High-dimensional statistical learning: New methods to advance economic and sustainability policy (2019-2023)

ZK35 (2019-2023)

In this project, we aim to investigate how the largely separate research streams of Bayesian econometrics, statistical model checking, and machine learning can be combined and integrated to create innovative and powerful tools for the analysis of big data in the social sciences.

Recent years have seen a tremendous surge in the availability of socioeconomic data characterized by vast complexity and high dimensionality. However, prevalent methods employed to inform practitioners and policy makers are still focused on small to medium-scale datasets. Consequently, crucial transmission channels are easily overlooked and the corresponding inference often suffers from omitted variable bias. This calls for novel methods which enable researchers to fully exploit the ever increasing amount of data.

In this project, we aim to investigate how the largely separate research streams of Bayesian econometrics, statistical model checking, and machine learning can be combined and integrated to create innovative and powerful tools for the analysis of big data in the social sciences. Thereby, we pay special attention to properly incorporating relevant sources of uncertainty. Albeit crucial for thorough empirical analyses, this aspect is often overlooked in traditional machine learning techniques, which have mainly been centered on producing point forecasts for key quantities of interest only. In contrast, Bayesian statistics and econometrics are based on designing algorithms to carry out exact posterior inference which in turn allows for density forecasts.

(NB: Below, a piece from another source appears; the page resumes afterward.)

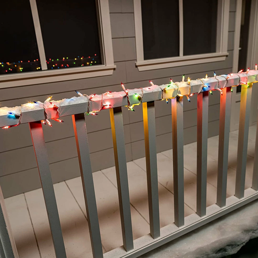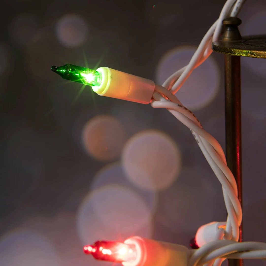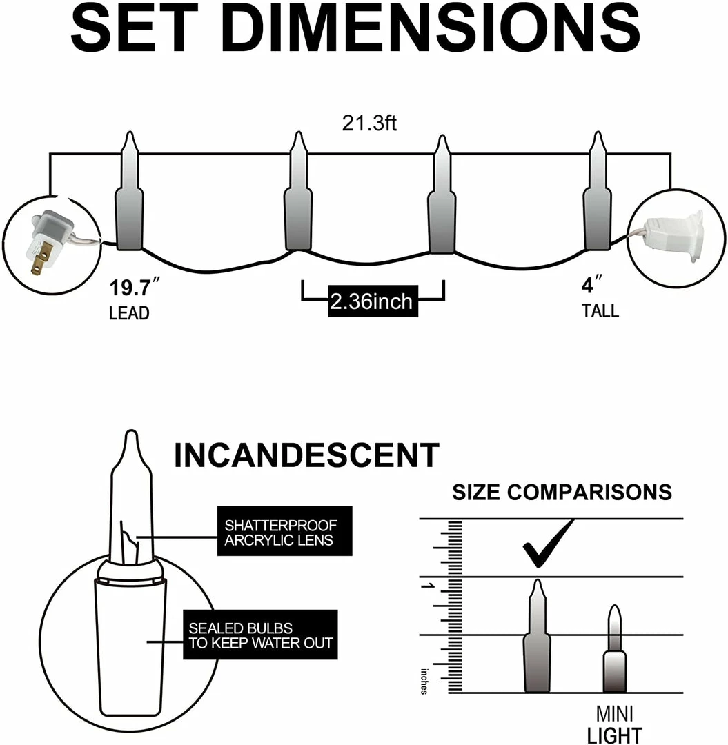 - Our multicolor string lights include 3 packs of 100 count clear white incandescent lights on white wire with 6 extra bulbs and 3 fuses. Each set measures 21.3 ft.

Our contributions are twofold: From a methodological perspective, we develop cutting-edge methods that enable fully probabilistic inference of dynamic models in vast dimensions. In terms of empirical advances, we apply these methods to highly complex datasets that comprise situations where either the number of observations, the number of potential time series and/or the number of variables included is large. More specifically, empirical applications will center on four topical issues in the realm of sustainable development and socioeconomic policy: income inequality, economic growth and climate change, cryptocurrencies, and urban mobility. In these applications, we focus on probabilistic forecasting using real-time data to perform model validation in an efficient way. Moreover, we address structural inference. As policy makers are typically interested in evaluating their policies quantitatively, robust econometric tools are crucial for counterfactual simulations. In light of the increasing complexity of the economy, however, large information sets need to be exploited to appropriately recover the underlying causal structures and provide a rich picture of potential transmission channels of policy interventions. The team constitutes a genuinely collaborative partnership of five young high-potential researchers composed of statisticians, machine learning experts, macro-, ecological and regional economists as well as social and computer scientists. Together, the group has the methodological, empirical, and theoretical expertise required for this project.